TASK BRIEF ▸ Below are some records. Return exactly their lines from the one containing "长颈三角漏斗,上口直径40m" through the one containing "Bakterien reinigen das", and drop the pictures.

RECORDS PROVIDED ▸
● ● ● ● ●

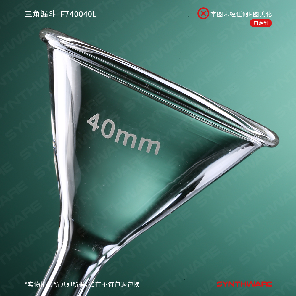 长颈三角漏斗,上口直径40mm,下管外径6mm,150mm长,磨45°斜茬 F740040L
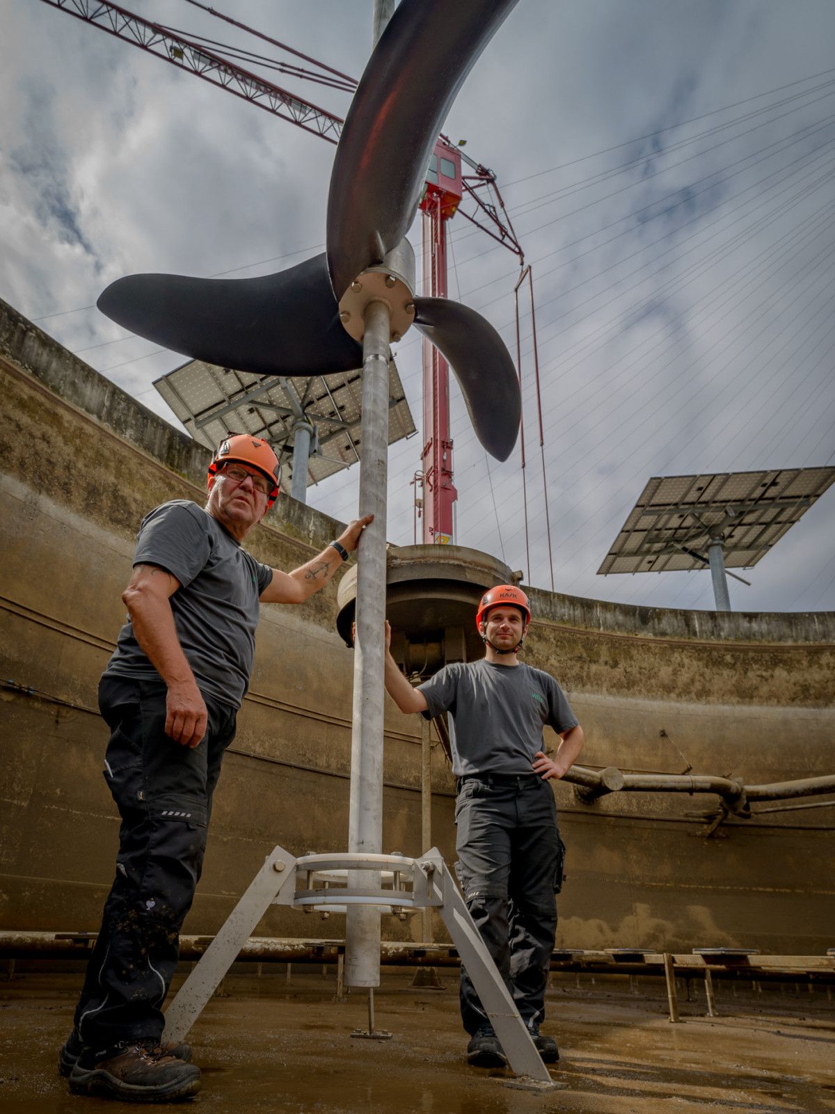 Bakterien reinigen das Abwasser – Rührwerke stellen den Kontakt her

● ● ● ● ●

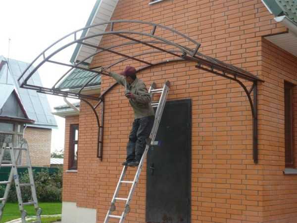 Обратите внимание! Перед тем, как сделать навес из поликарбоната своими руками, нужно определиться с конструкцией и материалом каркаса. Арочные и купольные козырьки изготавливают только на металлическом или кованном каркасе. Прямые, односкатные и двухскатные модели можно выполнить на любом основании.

● ● ● ● ●

THE COMPLETED TASK ▸
 长颈三角漏斗,上口直径40mm,下管外径6mm,150mm长,磨45°斜茬 F740040L
 Bakterien reinigen das Abwasser – Rührwerke stellen den Kontakt her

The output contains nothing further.